As already stated, the accused person’s statement was confirmed by a magistrate and was admitted in terms of s 256 (2) of the Criminal Procedure and Evidence Act [Chapter 9.07]. The section allows the admission of such a statement on its mere production without further proof. Whilst conceding that prosecution was permitted to so tender the statement in terms of the law, counsel for the accused person indicated an intention to later challenge the admissibility of the confirmed statement on the basis that it was made under duress. As will be shown later, that approach was ill advised. The statement outlines how the accused committed the offence and the weapon he used. It places him at the scene of the crime. The onus therefore shifted to the accused to show, on a balance of probabilities, that he did not make the statement freely and voluntarily or that the confirmation proceedings were irregular.

The evidence of Solomon Manyika, Tatenda Clive Chigondo,(Tatenda) Liberty Hove(Liberty) and Buddington Motsi Zimbudzana(Buddington) was formally admitted in terms of s 314 of the Criminal Procedure and Evidence Act [Chapter 9:07] as it appears in the state outline. The evidence of those witnesses established the following relevant facts.

Solomon Manyika was a relative of the accused. The relevant aspect of his testimony was that he confirmed being given a dark blue work-suit jacket with light green reflective lines by the accused.

Tatenda, Liberty and Buddington confirmed being police officers who were part of the arresting team.
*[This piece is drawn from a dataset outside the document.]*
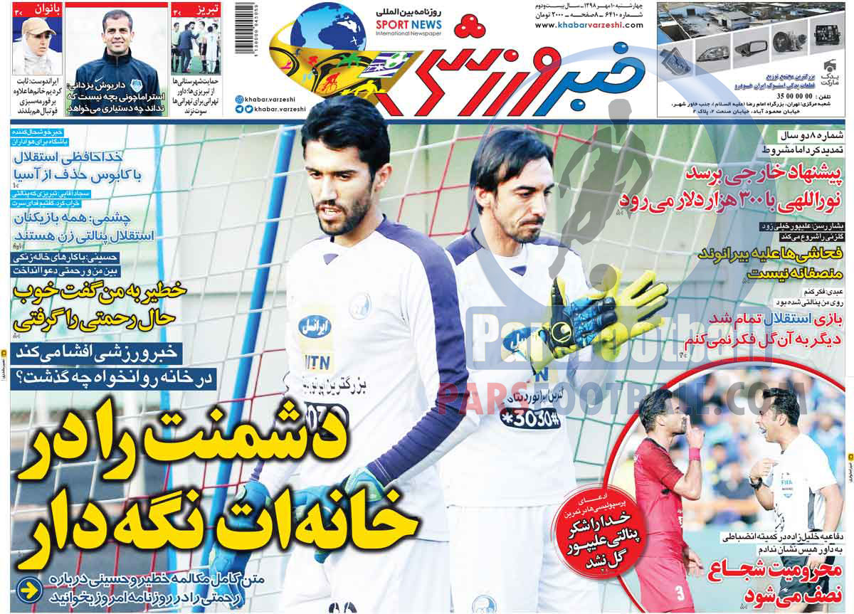عناوین روزنامه خبر ورزشی چهارشنبه ۱۰ مهر ماه به شرح زیر است :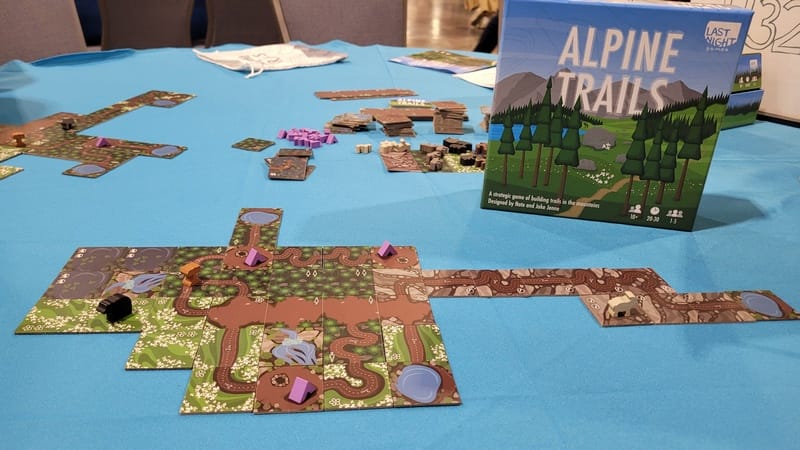 J’avais repéré ce jeu zen par curiosité. Le thème parle à ma fibre de randonneur. Le jeu est en lui-même un casse-tête très solo. Chacun place ses tuiles dans son coin pour former le plus lucratif en points des parcs nationaux. Le résultat offre un visuel léché pour jeu autoédité. C’est beau.

In addition to this, Buddington recovered a blood stained knife, screwdriver and a pair of grey slippers from the deceased’s motor vehicle, a red Honda Fit. As a result of that evidence, the state tendered a kitchen knife with a green handle and a star screwdriver with an orange handle. The state also tendered the dark blue work suit with light colored reflectors. These exhibits were admitted as evidence by consent.

The 2 witnesses who gave viva voce evidence, namely, Artwell Mwale and Kasmana Chiwambwa were in agreement that on the fateful day they saw the red Honda Fit vehicle swerve and veer off the road with the deceased loudly instructing them to follow behind as someone wanted to steal his car. When the car ground to a halt they saw a person dressed in a work suit with reflectors and fitting the description of the exhibit produced in court, bolt out of the car from the driver’s seat and run away into the darkness. Whilst they saw and assisted the injured deceased person, they both could neither finger the accused as the assailant, nor could they confirm the work suit that was tendered in court as being the one the assailant was wearing although the exhibit fitted the description of the work suit spotted by the assailant. Through these two witnesses it became apparent that the deceased was killed in the course of a robbery. The assailant remained unidentified.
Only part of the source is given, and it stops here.